Since Heidi and the children did not obey the new rules, they had 48 hours to leave the property. Heidi was told there was a contract out on her life. So, they evacuated to their office in the capital city of Maputo. The children gathered in the dining room/church began to sing praise and worship songs at the tops of their lungs. They were beaten and told they could not worship God. One by one, they began to walk the 20 miles to the city office. Reunited, Heidi, Rolland and the orphans called out to God in total desperation.
They had lost everything and there was no place for them to go and no food to eat. A friend from the American Embassy came with chili and rice for the Bakers and their 2 children. They prayed over the pots of food and told the 80+ children to sit down. Everyone ate and was full! God has rewarded their faith, and now their property in Pemba is over seven times what was lost in 1997.
“Government officials who once persecuted us and beat our children are now thankful for us staying in the country,” says Heidi.
MISSIONS IN HER BLOOD
Heidi was called to the mission field when she was 16 and living on an Indian Reservation as an American Field student where she was led to the Lord by a Navajo preacher. Several months later she was taken up in a vision for several hours and heard the Lord tell her to be a minister and missionary to Africa, Asia and England. Heidi met her husband Rolland at a small charismatic church in Southern California and married six months later. They left for the mission field two weeks after they were married, with simple instructions from the Lord, one way tickets and thirty dollars in their pockets. They spent 12 years in Asia and saw thousands come to Jesus.
After meeting Jackie Pullinger-To and working with her ministry to drug addicts in Hong Kong, their hearts were increasingly broken for the poor and unwanted. In 1992 they left to do their PhDs at Kings' College, University of London.

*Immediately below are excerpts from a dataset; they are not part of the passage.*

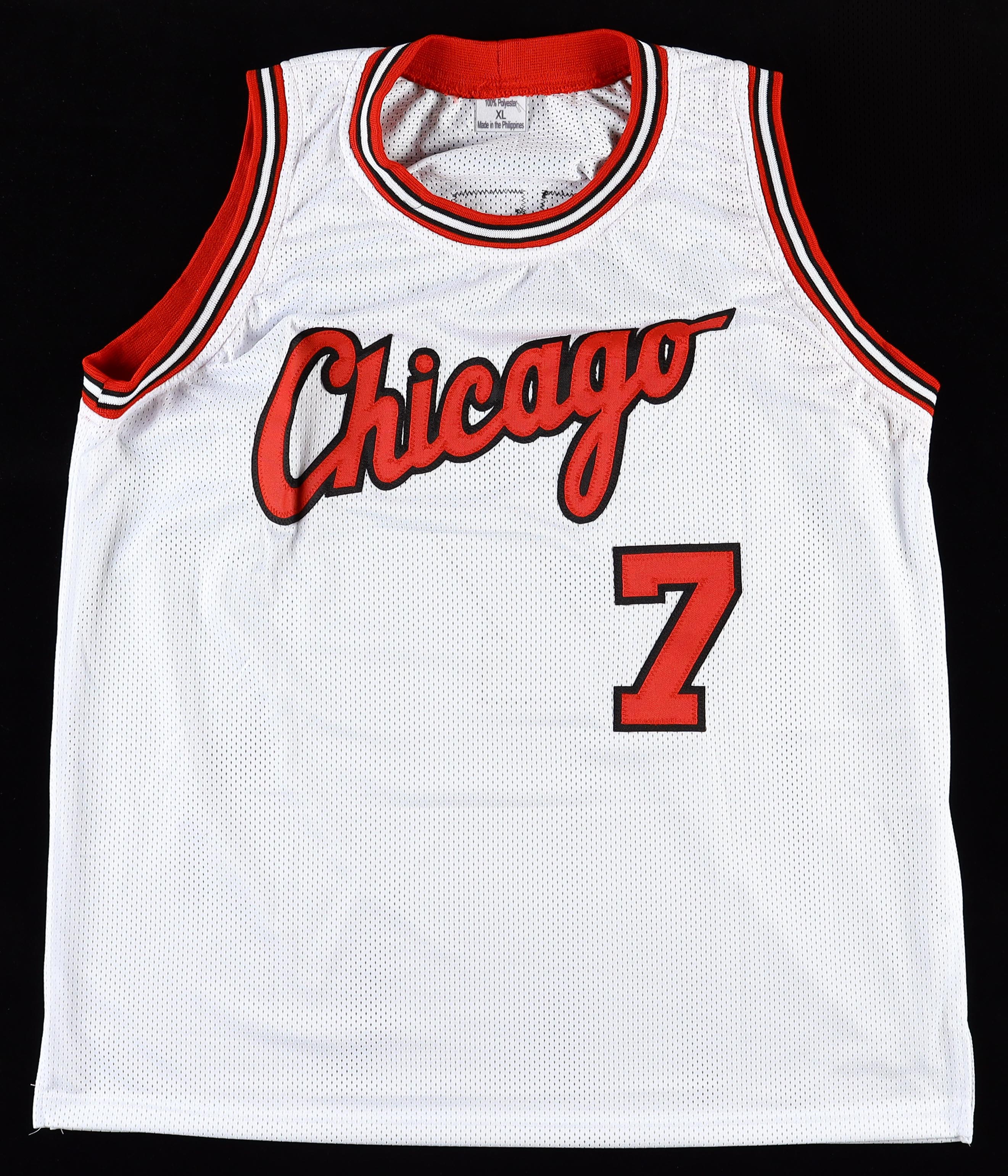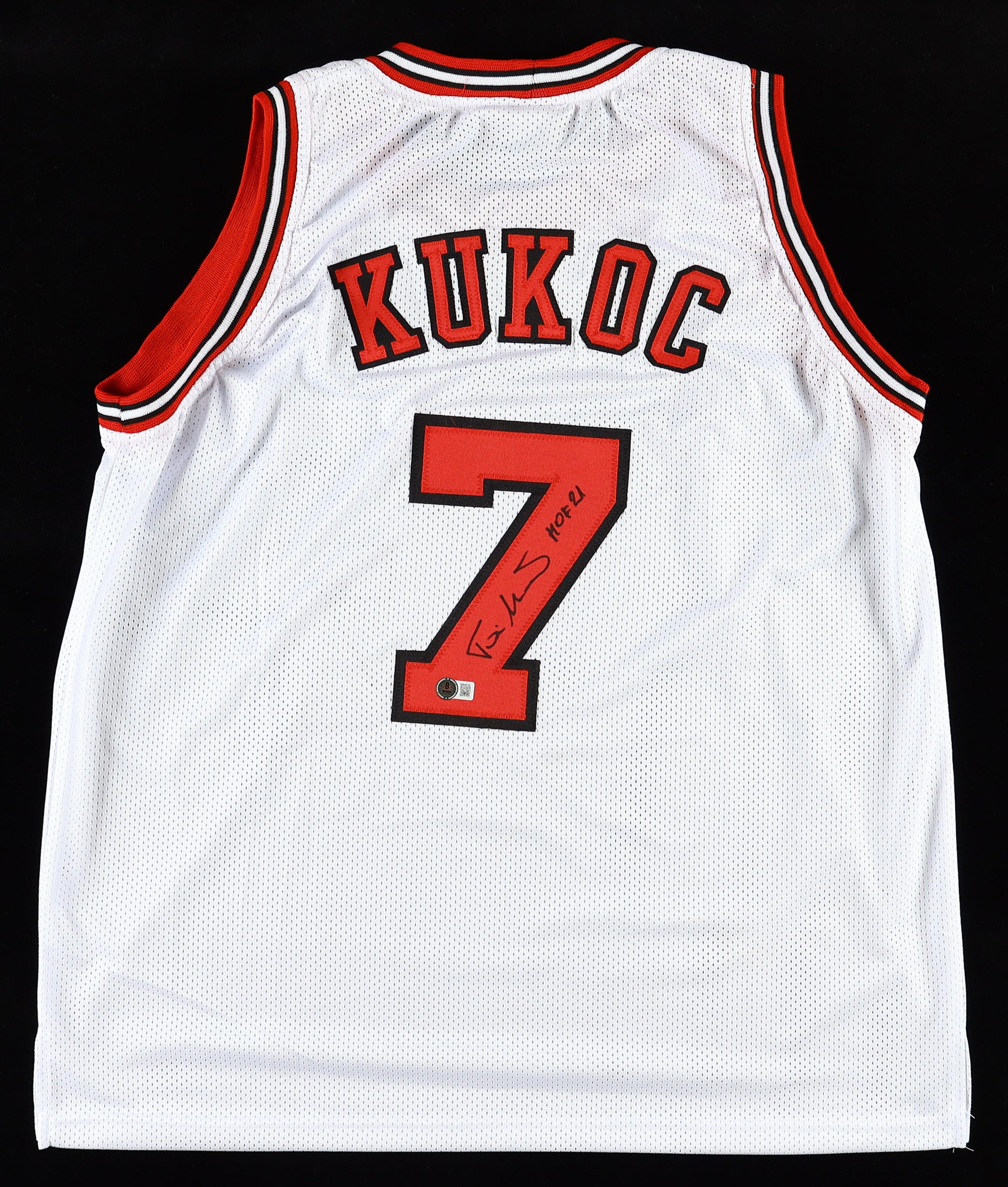 Custom jersey with everything sewn on, size XL. Hand-signed and inscribed by Toni Kukoc (HOF).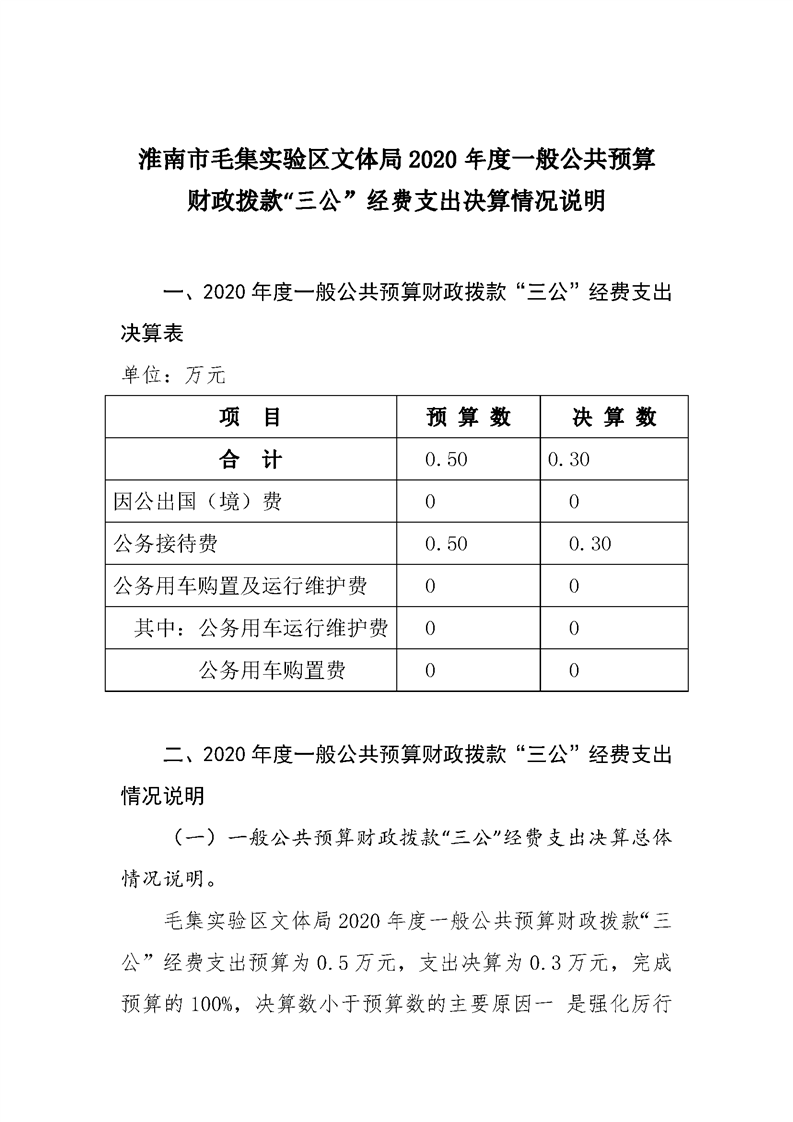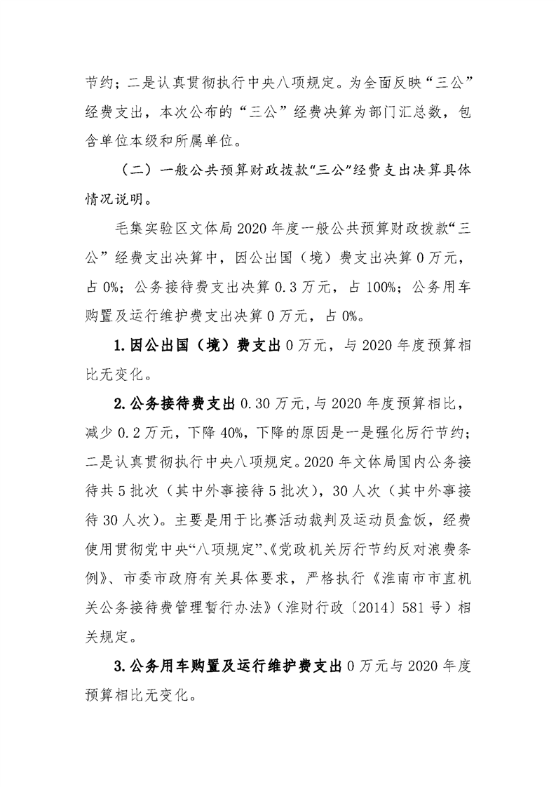 淮南市毛集實(shí)驗區文體局2020年度一般公共預算財政撥款“三公”經(jīng)費支出決算情況說(shuō)明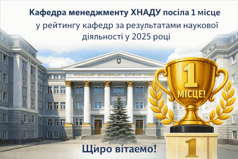 Кафедра менеджменту зайняла І місце в рейтингу кафедр ХНАДУ з наукової діяльності університету в 2025 році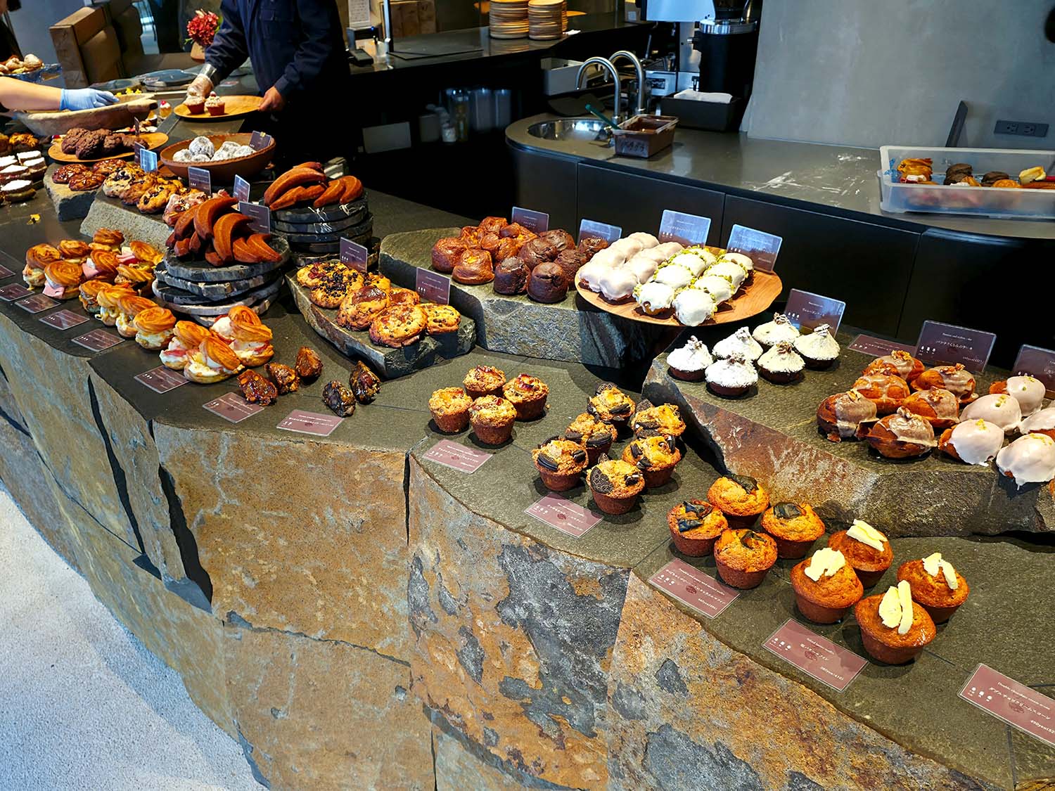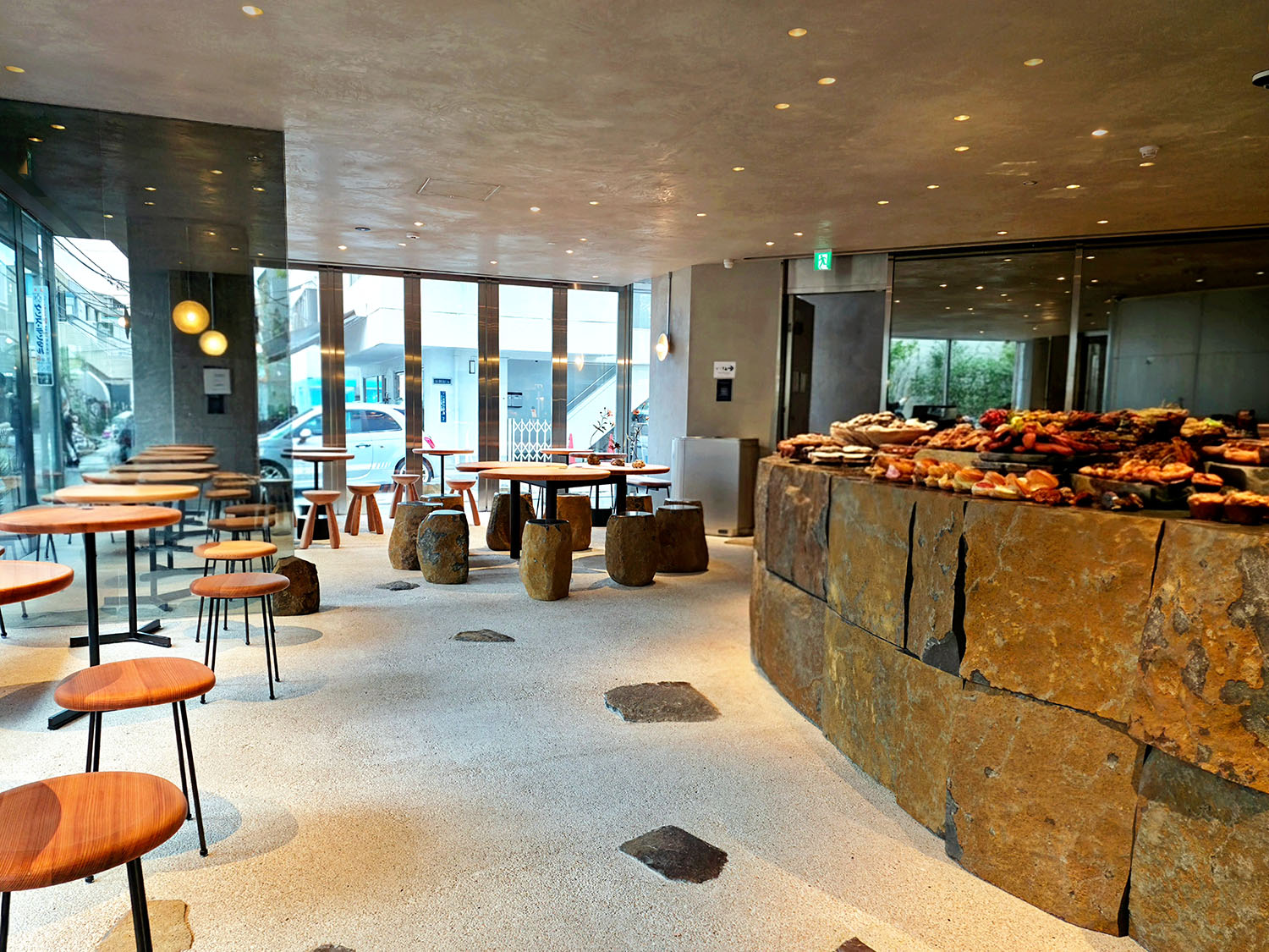 1号店のオープン以来“石の町にある小さなパン屋さん”をコンセプトとするアマムダコタンの世界観を引き継いだ店内。

Rolland left Mozambique for the United States last November for prayer, treatment and rest. During this time he has been under the care of several doctors and has been meeting with counselors.
His physician states, “Rolland Baker is currently under my care for a Post Traumatic Stress Disorder which has caused some short-term memory loss due the intense ministry and administrative responsibilities he has overseen for many years. Heidi, staff and board members of Iris Ministries will assume Rolland’s responsibilities until further notice.”